Jonathan Cast wrote:
The normal view taken by Haskellers is that the denotations of
Haskell types are CPPOs.
 So:
(1) Must be monotone
(2) Must be continuous
(Needn't be strict, even though that messes up the resulting
category substantially).

I wrote:
I'm not convinced that the category is all that "messed up".

Well, no coproducts (Haskell uses a lifted version of the coproduct
from CPO).

What goes wrong with finite coproducts? The obvious thing to
do would be to take the disjoint union of the sets representing the
types, identifying the copies of _|_.

This isn't a coproduct. If we have f x = 1 and g y = 2, then there should exist a function h such that h . Left = f and h . Right = g, i.e.,

  h (Left x)
= f x
= 1

and
  h (Right y)
= g y
= 2

But by your rule, Left undefined = Right undefined, so
  1
= h (Left undefined)
= h (Right undefined)
= 2

Which is a contradiction. Identifying Left _|_ and Right _|_ produces a pointed CPO, but it's not a coproduct. Unless, of course, your require your functions to be strict --- then both f and g above become illegal, and repairing them removes the problem.

What is the lifted version you are referring to?

Take the ordinary disjoint union, and then add a new _|_ element, distinct from both existing copies of _|_ (which are still distinct from each other).


 Of course, Haskell makes things even worse by lifting the
product and exponential objects,

OK, what goes wrong there, and what is the lifting?

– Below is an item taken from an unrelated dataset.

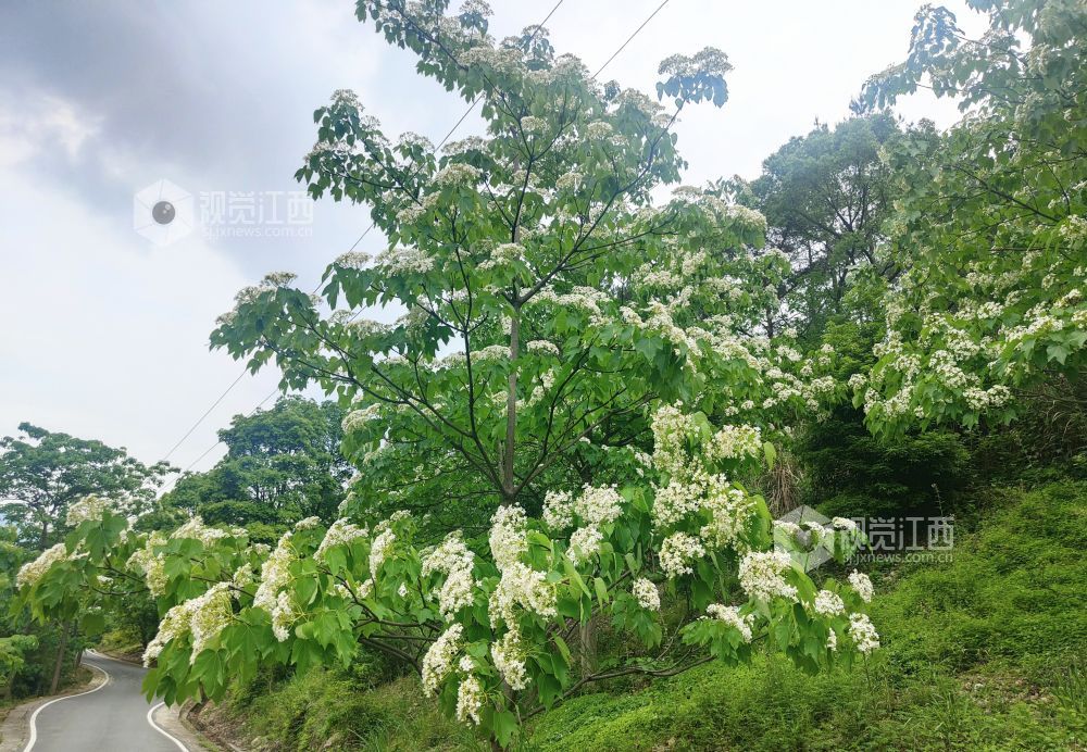 每年春末夏初,坳上林场的油桐树便开始吐露芳华。漫步林间,洁白的花瓣层层叠叠,簇拥着金黄的花蕊,微风拂过,花朵摇曳生姿,空气中弥漫着淡淡的甜香,桐花盛开时,花瓣随风飘落,宛如雪花纷飞,故有“五月雪”的美誉。

Again, in Haskell, (_|_, _|_) /= _|_.  The difference is in the function

f (x, y) = 1

which gives f undefined = undefined but f (undefined, undefined) = 1. Unfortunately, this means that (alpha, beta) has an extra _|_ element < (_|_, _|_), so it's not the categorical product (which would lack such an element for the same reason as above). This is partly an implementation issue --- compiling pattern matching without introducing such a lifting requires a parallel implementation --- and partly a semantic issue --- data introduces a single level of lifting, every time it is used, and every constructor is completely lazy.

Functions have the same issue --- in the presence of seq, undefined / = const undefined.

Extensionality is a key part of the definition of all of these constructions. The categorical rules are designed to require, in concrete categories, that the range of the two injections into a coproduct form a partition of the coproduct, the surjective pairing law (fst x, snd x) = x holds, and the eta reduction law (\ x -> f x) = f holds. Haskell flaunts all three; while some categories have few enough morphisms to get away with this (at least some times), Hask is not one of them.